En Russie aussi, la violence ternit le hockey. Et s'il est trop tôt pour mesurer l'impact de ses propos, il faut admirer la manière dont Kamensky dénonce ces écarts de conduite.

Rêver que les gens en autorité dans la LNH s'expriment un jour avec la même vigueur relève de la pensée magique. La direction du circuit, les propriétaires d'équipe et l'Association des joueurs cherchent surtout à désamorcer les cas problèmes. Seul le message antibagarres de trois courageux directeurs généraux, dans la foulée de l'affaire Parros, a momentanément brisé le silence.

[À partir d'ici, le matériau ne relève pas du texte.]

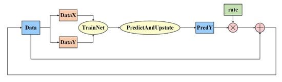 - Preprocessing: For variables to be predicted in the dataset, we calculate their periodic values and rank them from small to large. Next, we obtain the periodic values of the first N smallest variables to be predicted. Then, we calculate the correlation coefficients between the variables and those to be predicted and arrange the variables in order from large to small according to their corresponding correlation coefficients. Finally, we extract the variables with sums of correlation coefficients being greater than a coefficient threshold to form a training set.
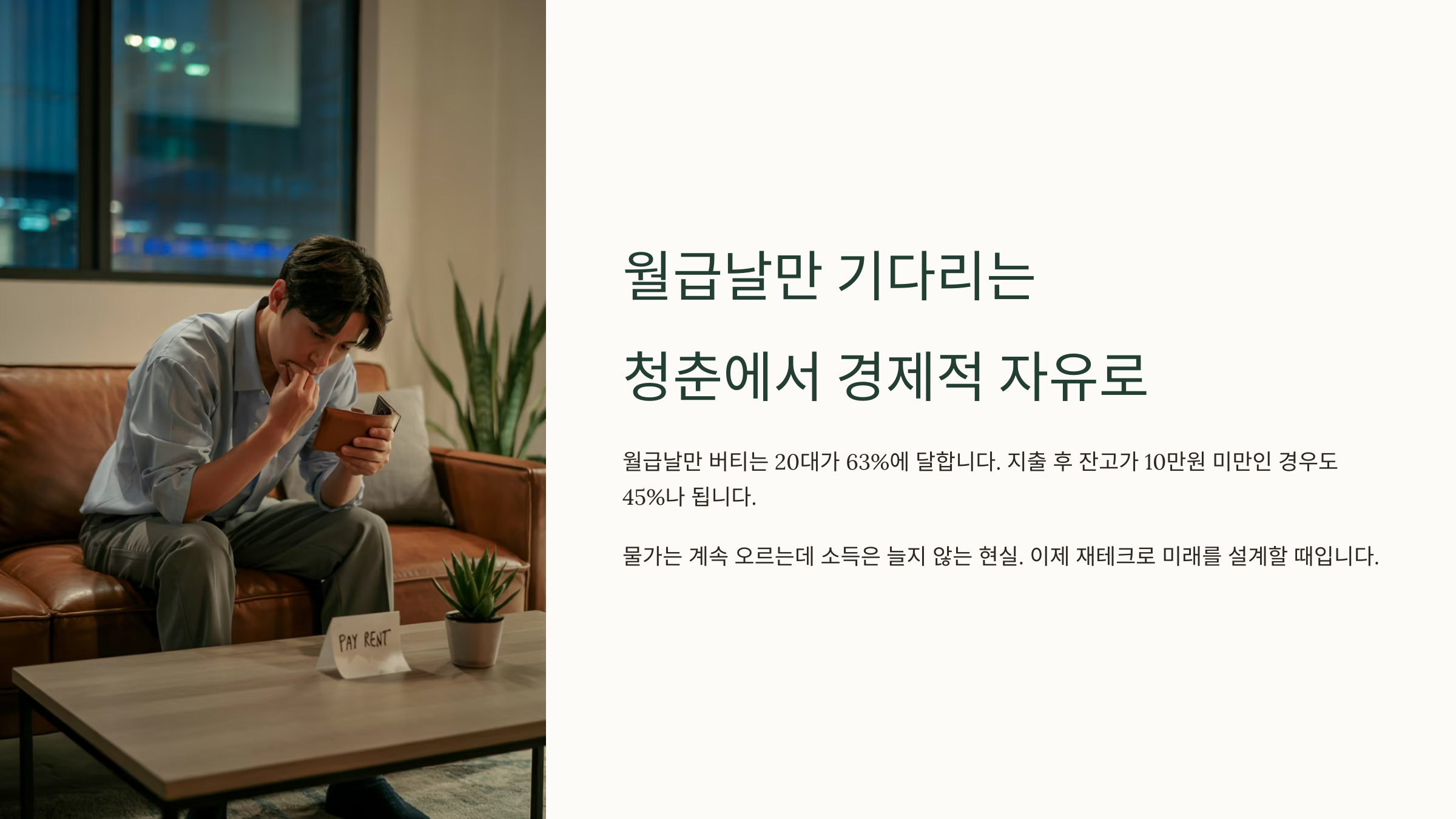 20대가 되면 자유를 느끼는 동시에 경제적 독립의 부담도 함께 찾아와요. 월급날만 손꼽아 기다리던 내가, 통장을 스쳐가는 월급을 보면서 한숨 쉬게 된 것도 한두 번이 아니었어요. 😥

Voyez un peu: Brendan Shanahan a convoqué Cody McLeod, de l'Avalanche, et Maxim Lapierre, des Blues de St. Louis, à des rencontres personnelles après qu'ils eurent enfoncé un rival dans la bande avec de lâches coups dans le dos. Cela signifie que l'analyse préliminaire de la LNH indiquait qu'une suspension minimale de six matchs était envisageable.

Shanahan et son comité ont plutôt cherché des excuses afin de limiter leur responsabilité. La victime de McLeod a changé de direction au dernier moment, celle de Lapierre était légèrement en déséquilibre... Résultat, ils ont été suspendus pour cinq rencontres.

Vous croyez sérieusement que cette sanction provoquera un fort effet dissuasif? Moi non plus!

Mais attention: Shanahan n'est pas le seul à blâmer, comme l'affaire Kaleta le démontre si bien.

Dans ce dossier, Shanahan a frappé fort et imposé une suspension de dix matchs à l'attaquant des Sabres de Buffalo. Mais l'Association des joueurs a porté cette décision en appel, démontrant ainsi sa véritable priorité: les revenus des joueurs pèsent plus lourd que leur intégrité physique.

Le parallèle avec la réaction de l'Association des joueurs du baseball majeur durant l'été est intéressant. Lorsque Ryan Braun (Milwaukee) et plusieurs joueurs ont été suspendus 50 matchs pour dopage, la sanction a été acceptée. (Seul Alex Rodriguez, des Yankees de New York, dont le dossier est beaucoup plus complexe, a fait appel.)

Les baseballeurs coupables ont même été blâmés par certains de leurs camarades, un bris historique avec la sacro-sainte solidarité syndicale. Pourquoi cela s'est-il produit? Parce que les joueurs «propres» en ont assez d'être éclaboussés par ces scandales.

La problématique dans le hockey n'est pas la même. On parle de violence, pas de dopage. Mais comment se fait-il que les joueurs n'en aient pas assez des coups salauds? Pourquoi ne contribuent-ils pas à nettoyer leur sport du danger causé par les coups à la tête?

Pour enrayer les comportements dangereux sur la patinoire, il faudra une volonté politique claire.

Actuellement, ni la direction de la LNH, ni les très silencieux propriétaires d'équipe, ni les joueurs ne veulent assumer ce leadership.

Résultat, d'autres charges dangereuses se produiront. Et Brendan Shanahan n'a pas fini d'imposer des suspensions de cinq matchs.

________________________________________________

Le communiqué de Kamensky a d'abord été relayé par Sports Illustrated. On le retrouve aussi en anglais sur le site de la KHL.